歯科クリニックの経営者は非常に多く、知っている通り競合だらけの業界が歯科医院です。そのため売上を出すことは当然として、経費削減によって利益を出さなければいけません。
コスト削減をすれば簡単に利益が上昇します。ただ経費削減の方法を勘違いしている院長は多く、例えば「材料費を積極的に抑える」「人件費を下げる」などを考えるケースがほとんどです。ただ、こればかり考えると確実に経営がとん挫します。
そうではなく、歯科クリニックは医療の質とは関係ない部分にてコスト削減をしなければいけません。要は医療の質に関係する固定費削減によって、スタッフや患者さんに悪影響を与えてはいけないのです。
それではどのようにして、医療の質に影響を与えずにコスト削減すればいいのでしょうか。そのようなことが本当に可能なのでしょうか。
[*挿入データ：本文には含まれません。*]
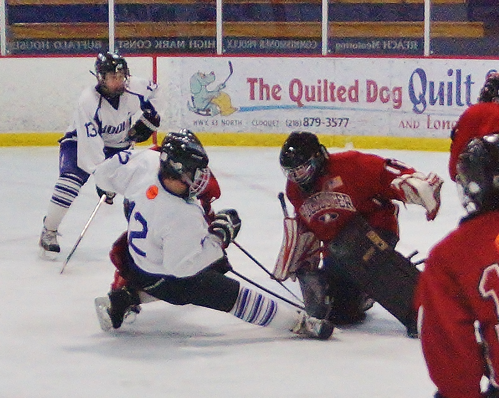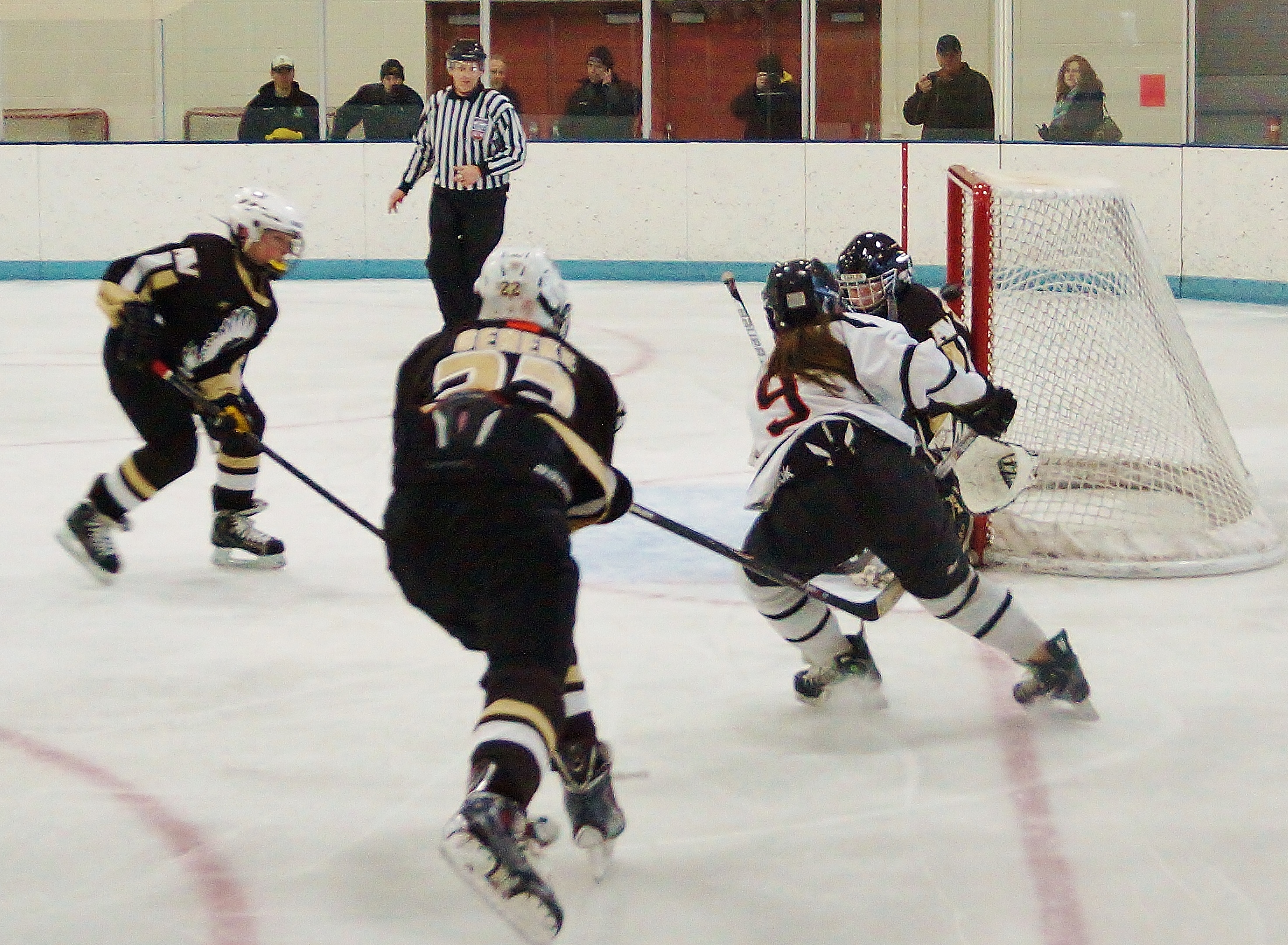 Picture 2: After making the glove save, Harnett is driven back in the net and manages to hold the glove outside the goal line (fooled the goal judge, the goal light is on, but the goal was disallowed). Her save forced the game to OT. Armstrong won 2-1.
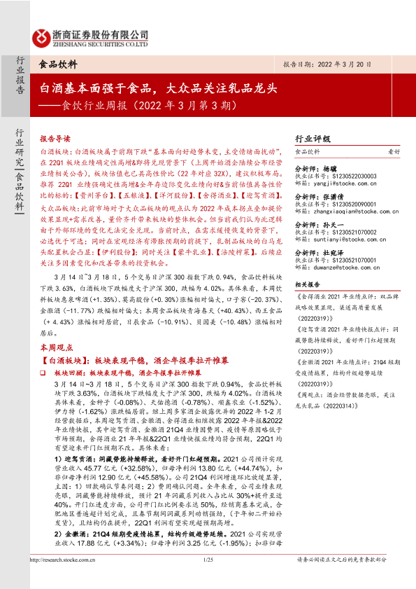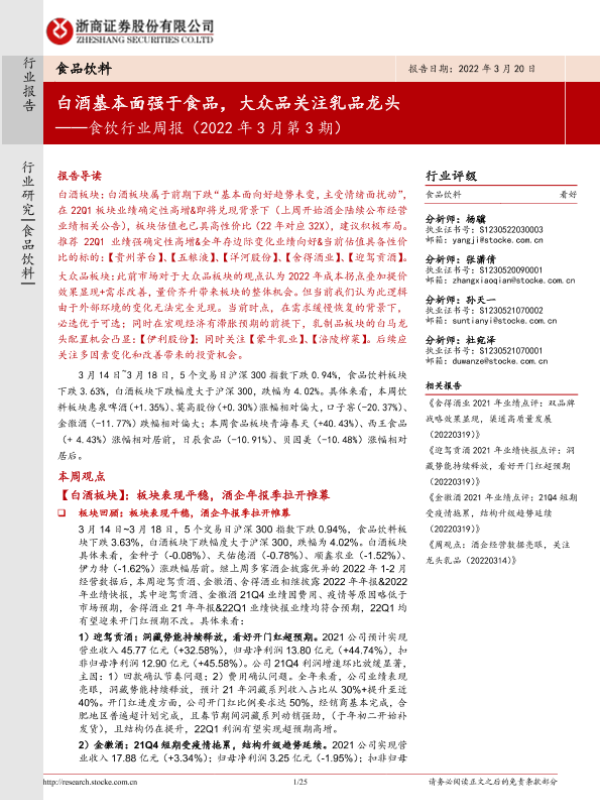 【浙商证券】【20220320】食饮行业周报(2022年3月第3期):白酒基本面强于食品,大众品关注乳品龙头-25页

ここでは、歯医者として医院運営している経営者がどのようにコスト削減をすればいいのか解説していきます。
もくじ
材料費削減など医療の質の低下は考えない方がいい
誰もが思いつく方法であり、さらには多くの経営者が既に実施している経費削減として材料費の価格低減があります。医療材料を購入するとき、いまよりも安い材料を探そうとするのです。また卸会社などそれぞれの会社によって値段が異なるため、同じ商品であっても値段を比較することで安い価格で仕入れることができます。
ただ、値段の比較については既に実施していると思います。これ以上の仕入れ価格下落が難しい状態になっているケースが多いです。
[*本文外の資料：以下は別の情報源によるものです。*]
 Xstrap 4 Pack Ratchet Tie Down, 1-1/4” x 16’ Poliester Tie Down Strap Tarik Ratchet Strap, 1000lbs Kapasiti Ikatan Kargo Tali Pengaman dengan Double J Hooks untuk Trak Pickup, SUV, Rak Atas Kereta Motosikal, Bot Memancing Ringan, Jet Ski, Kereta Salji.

また質の低い材料にする場合、当然ながら医療の質が低下します。「ほぼ同じ材料であるものの、値段だけ安い」という場合であれば積極的に交換すればいいものの、実際のところそうしたケースは稀なので、安い材料にすると患者さんに最適な医療を提供しにくくなります。
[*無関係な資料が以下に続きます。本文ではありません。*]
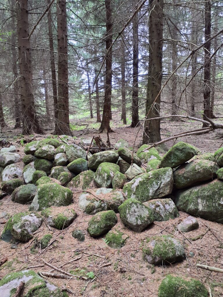 Undersökningarna sker i de flesta fall i form av utredningar. I en del fall hittar vi lämningar som behöver undersökas vidare, och då blir det tal om arkeologiska förundersökningar. Men många lämningar bedöms vara från historisk tid och registreras som så kallade övriga kulturhistoriska lämningar. Det kan röra sig om till exempel stengärdesgårdar och bebyggelselämningar. Ofta är de rester av ett äldre jordbrukslandskap. De har inte lika starkt lagskydd som fornlämningar men är ofta värdefulla att bevara, ur både kultur- och natursynpunkt. På bilden ser ett exempel på en äldre stengärdesgård i en granskog, samt hur det kan se ut när vi gräver sökschakt i åkermark. Den som vill läsa mer kan hålla utkik här på vår hemsida där vi succesivt publicerar vetenskapliga rapporter från våra undersökningar i Ulricehamn.
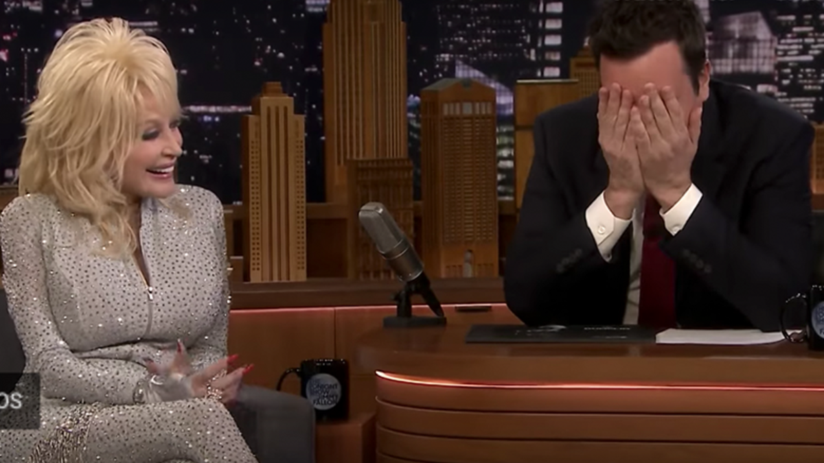 The look on Jimmy's face pretty much sums it up. He even falls to the floor and hides behind his desk, while Dolly covers her face. Yup, this clip will have you LOLing.
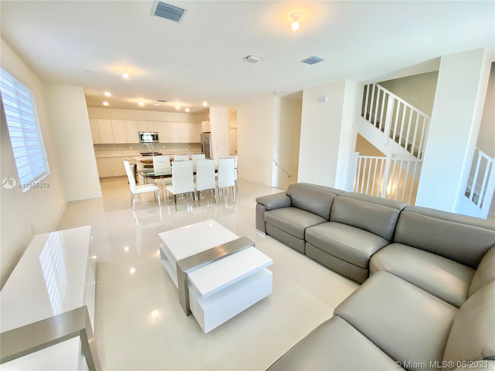 For sale, this stunning corner 4 story Townhome at URBANA Downtown Doral. This Townhome model LB, features 3 bedrooms, 3 baths, 2 powder rooms, a media room, Skyview terrace, with BBQ area, private elevator, 2-car garage, and much more. Enter through the spacious covered entry into the inviting foyer and reception lounge with adjacent powder room. On the opposite wall, a door leads to the 2-car garage, while on the west side of this space both a stairway and elevator provide access to the other floors. Second floor dining room and kitchen overlooking an expansive balcony. Third floor is occupied by the luxurious owner's suite, bedroom 2 and its private bathroom; and a laundry closet. Fourth story, entertainment area, Room 3, covered terrace with BBQ Area, and full bath. READY TO MOVE IN.
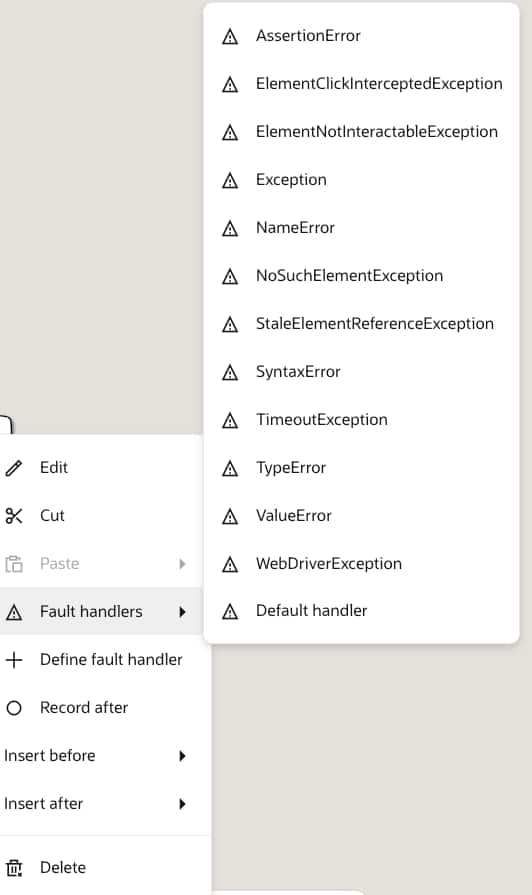 All possible exceptions for the action are listed, allowing you to either select from predefined fault types or define custom fault handling logic. For instance, you may choose to handle a StaleElementReferenceException by adding a log action to capture the exception message within the fault handler.
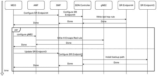 Figure A2 shows the control plane procedure for the path allocation. The MEO determines the appropriate SR policy to be enforced at SR Endpoint1. Based on that, it selects the corresponding BSID. For clarity, we assign label BSID1 to the selected BSID, which is an IPv6 address. This BSID serves as the designated destination address that gNB1 embeds within the IPv6 outer header to enforce the specified SR policy at Endpoint1. Firstly, the MEO asks the SMF to activate the SDN controller for the configuration of SR Endpoint3, as in the previous case. Then, the MEO instructs the SMF to trigger the SDN controller in configuring the End.M.GTP6.D rule on SR Endpoint1, if not installed yet, for the determined SR policy (BSID1). Finally, the MEO prompts the AMF to configure the GTP-U encapsulation rule on gNB1.

他には医療材料の使用量をケチるという方法もありますが、医療スタッフから反発が出るようになります。材料費の削減は誰でも簡単に思いつき、すぐに実行できるコスト削減法ではあるものの、実際のところ限界があります。
・在庫低減やその他のコスト削減は限界がある
同じことは他の項目にもいえます。例えば、在庫低減によってキャッシュフローが大幅に改善されます。2ヵ月分の在庫を抱えており、その金額が160万円なのであれば、1ヵ月分に減らすことによって80万円となります。当然、その分だけ資金繰りが良くなります。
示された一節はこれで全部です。